> _TASK GOAL_
The first line of the listing opens the range and the line with "Kiekviename 1920–1940 m." closes it; repeat those lines and all between them word for word, leaving out the pictures.

> _GIVEN INFORMATION_
---+---

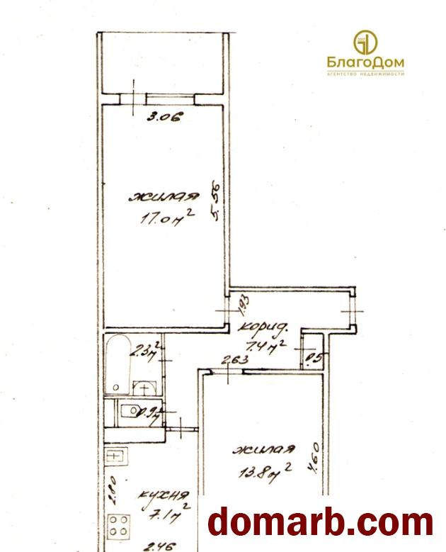 Две комфортные раздельные комнаты (17,0 кв.м и 13.8 кв.м.). Из комнаты выход на остекленную лоджию. Высота потолков 2,54 метра. Кухня 7,1 кв.м., санузел раздельный. Квартира расположена на 9 этаже 9-ти этажного дома, сверху – технический этаж.
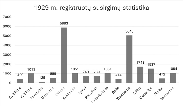 Kiekviename 1920–1940 m. leisto žurnalo Medicina numeryje būdavo pateikiama sergamumo įvairiomis ligomis statistika. Kaip rodo skelbti duomenys, per mėnesį naujų sifilio atvejų galėdavo būti užregistruojama nuo 22 (Med 1925 8: 618) iki 283 (Med 1928 5: 383). Nuo 1926 m. kas mėnesį (su nedidelėmis išimtimis) sifiliu užsikrėtusių žmonių buvo užregistruojama daugiau kaip 10017. Net baigiantis trečiajam dešimtmečiui statistika neatrodė džiuginanti. Sifilis ir gonorėja (liaudyje dar vadinta triperiu) buvo trečioje ir ketvirtoje vietose tarp užkrečiamųjų (tuo metu vadintų limpamomis) ligų (žr. pav. 1):
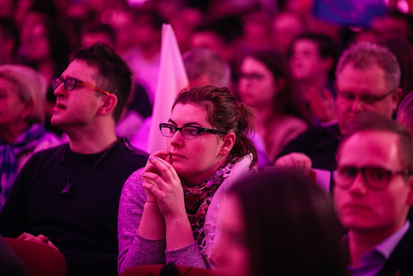 19-letnia Kaja w t-shircie Wiosny jest animatorką publiczności. Mówiąc krótko, ma własnym przykładem zadbać o to, by sala reagowała żywiołowo na to, co padnie ze sceny. Kaja uważa, że ugrupowanie Biedronia “jest jedyną sensowną partią w Polsce, dlatego trzeba się zaangażować”. Najważniejszy postulat? - Rozdział państwa od kościoła. U nas jest więcej kościołów, niż czegokolwiek innego - mówi. Wtóruje jej rówieśnica, Oliwia, która również pragnie, by Polska była świecka. - Jestem młoda i to będzie moje państwo w przyszłości - stwierdza.

---+---

> _RESPONSE TO THIS TASK_
 Две комфортные раздельные комнаты (17,0 кв.м и 13.8 кв.м.). Из комнаты выход на остекленную лоджию. Высота потолков 2,54 метра. Кухня 7,1 кв.м., санузел раздельный. Квартира расположена на 9 этаже 9-ти этажного дома, сверху – технический этаж.
 Kiekviename 1920–1940 m. leisto žurnalo Medicina numeryje būdavo pateikiama sergamumo įvairiomis ligomis statistika. Kaip rodo skelbti duomenys, per mėnesį naujų sifilio atvejų galėdavo būti užregistruojama nuo 22 (Med 1925 8: 618) iki 283 (Med 1928 5: 383). Nuo 1926 m. kas mėnesį (su nedidelėmis išimtimis) sifiliu užsikrėtusių žmonių buvo užregistruojama daugiau kaip 10017. Net baigiantis trečiajam dešimtmečiui statistika neatrodė džiuginanti. Sifilis ir gonorėja (liaudyje dar vadinta triperiu) buvo trečioje ir ketvirtoje vietose tarp užkrečiamųjų (tuo metu vadintų limpamomis) ligų (žr. pav. 1):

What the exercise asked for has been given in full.